AVS 65th International Symposium & Exhibition
    Plasma Science and Technology Division Monday Sessions
       Session PS+TF-MoM

Paper PS+TF-MoM6
Characterization of Inductively Coupled Plasma Source for Plasma Enhanced Atomic Layer Deposition

Monday, October 22, 2018, 10:00 am, Room 104C

Session: Plasma Deposition and Plasma-Enhanced ALD
Presenter: Premkumar Panneerchelvam, KLA-Tencor
Authors: P. Panneerchelvam, KLA-Tencor
A. Agarwal, KLA-Tencor
D.R. Boris, Naval Research Laboratory
S.G. Walton, Naval Research Laboratory
Correspondent: Click to Email
Plasma enhanced atomic layer deposition (PEALD) is a technique which provides an efficient alternative to thermal ALD systems by enabling low-temperature wafer processing using energetic and reactive plasma species. Utilization of plasma sources to drive atomic layer deposition stems from the ability to generate active radicals which are more reactive than molecular precursors used in thermal ALD processes. Aside from the fact that plasma processing systems are already utilized in semiconductor manufacturing, PEALD affords significant advantages over thermal ALD processing such as lower temperature processing coupled with active tuning of film properties, wafer level uniformity control, wider variety of film growth, and conformality. Remote inductively coupled plasma (ICP) sources are a common choice for PEALD as they enable high density discharges which efficiently generate reactive neutral species. Characterization of these plasma sources is important in understanding the properties of the species incident on the wafer to not only tailor the chamber architecture but also understand the role of different radicals in the plasma in the surface mechanism.

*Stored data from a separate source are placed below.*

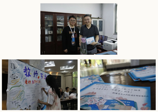 学院学生会的工作人员早早就来到学院楼,路过的同学们纷纷在展板上写下了对老师美好的祝福,并由学院学生会代表四大组织,分别向老师送去贺卡,及美好的祝福。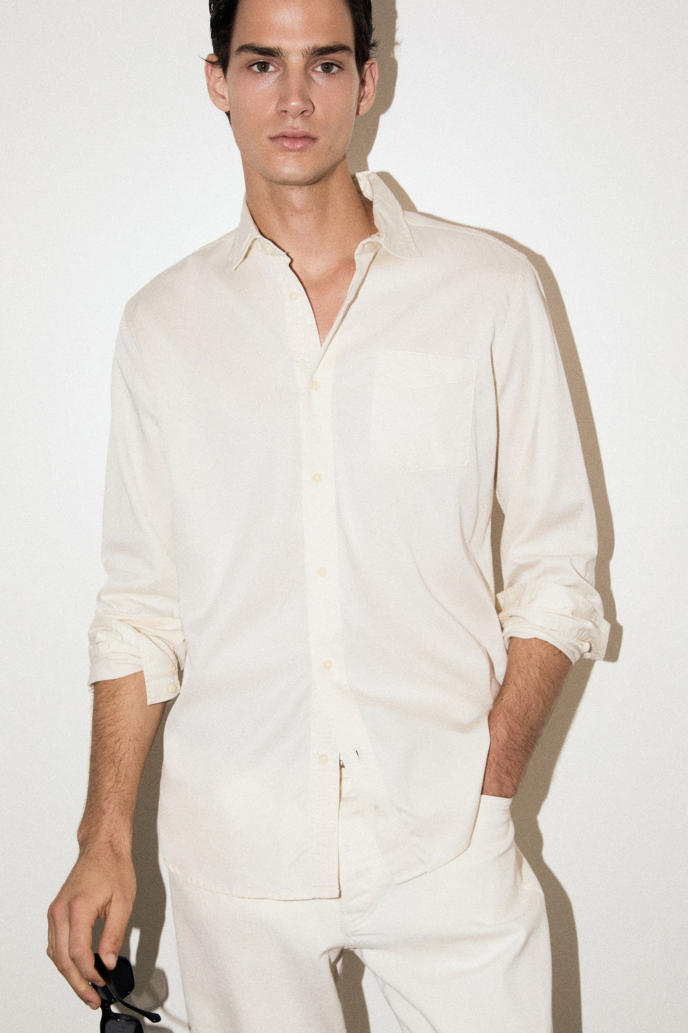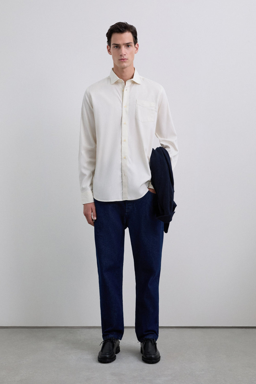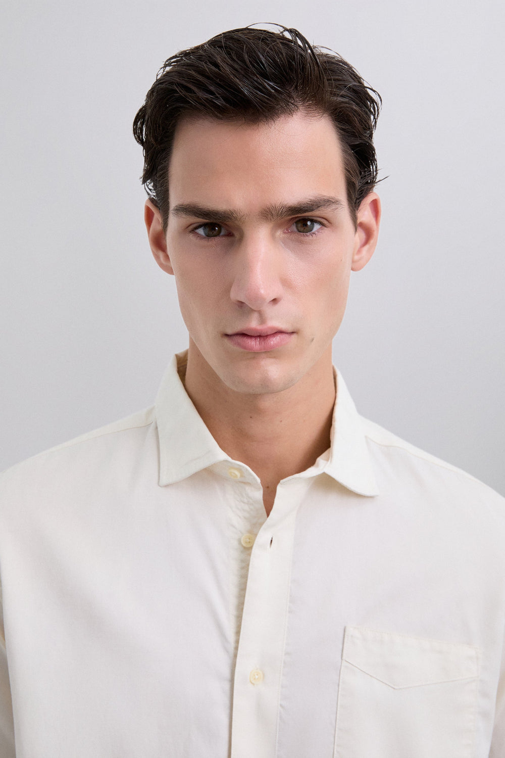 Shirt with matching embroidered skull on the front. Regular fit. Buttoned collar. Long sleeves with buttoned cuffs. Front button fastening. Patch pocket on the chest.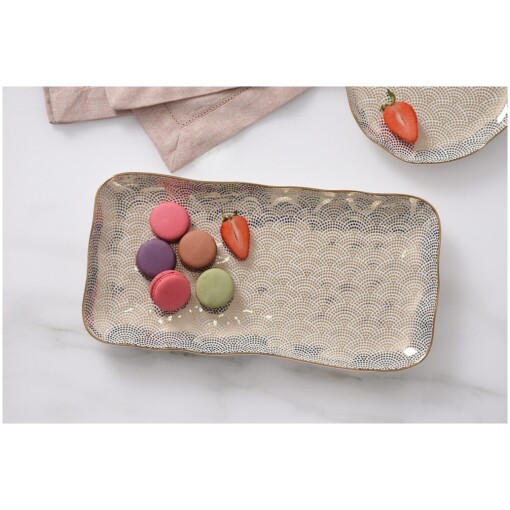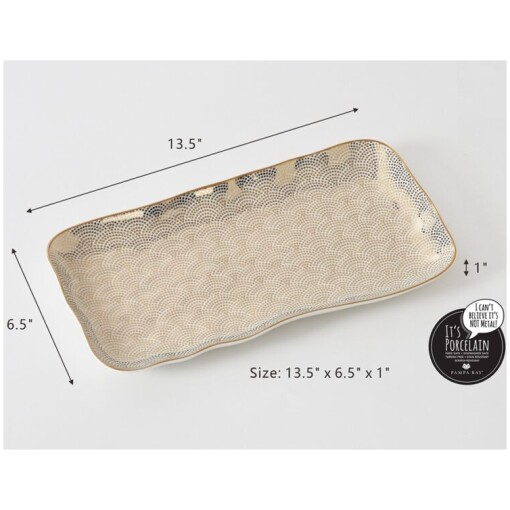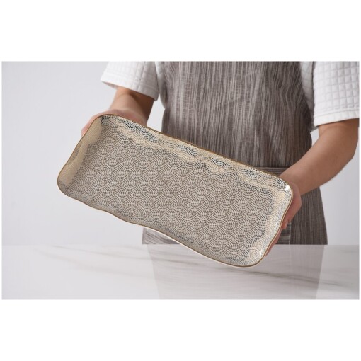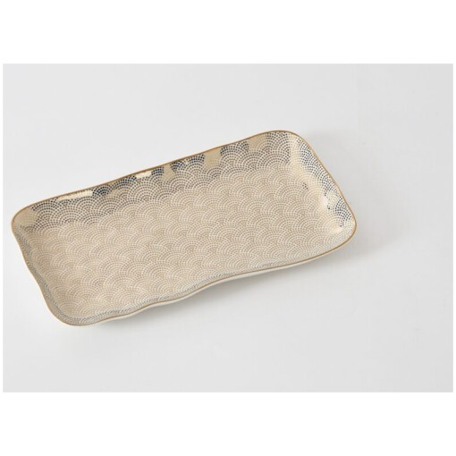 Rectangular Tray in Sensu. Perfect for serving bite-size appetizers and desserts like mini-cupcakes, cookies, and deviled eggs. Or pair with a small bowl for a wonderful crudité and dip. Beautifully crafted in a stunning white porcelain with gold detail. Inspired by the beauty and unique shape of the Japanese folding fan called Sensu.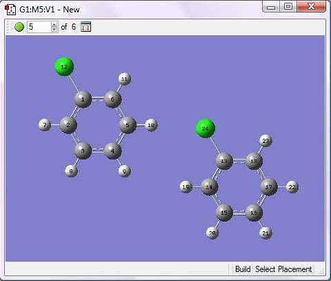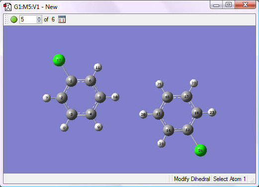 1. Create a new View window and place a benzene ring in it. Change one of the hydrogen atoms to Chlorine. Repeat this process to create a second chlorobenzene ring.

In this work, we will discuss characterization of a reactor that imitates an industrial PEALD tool using experimental and computational investigations. The system is flowing afterglow geometry, where a barrel-type ICP source is mounted on one side of the reactor and produces a plasma that expands into a chamber with access ports to diagnose the plasma properties using optical emission spectroscopy and charged particle flux probes. The computational model is based on a multi-species, two-temperature fluid description of plasma with finite rate chemistry. Results will be discussed in Ar and Ar/N2 plasmas over varying pressure and inductive power with particular emphasis on the impact of N2 addition on plasma properties and the chemical composition of radicals incident on the wafer.

*This work was partially supported by the Naval Research Laboratory base program.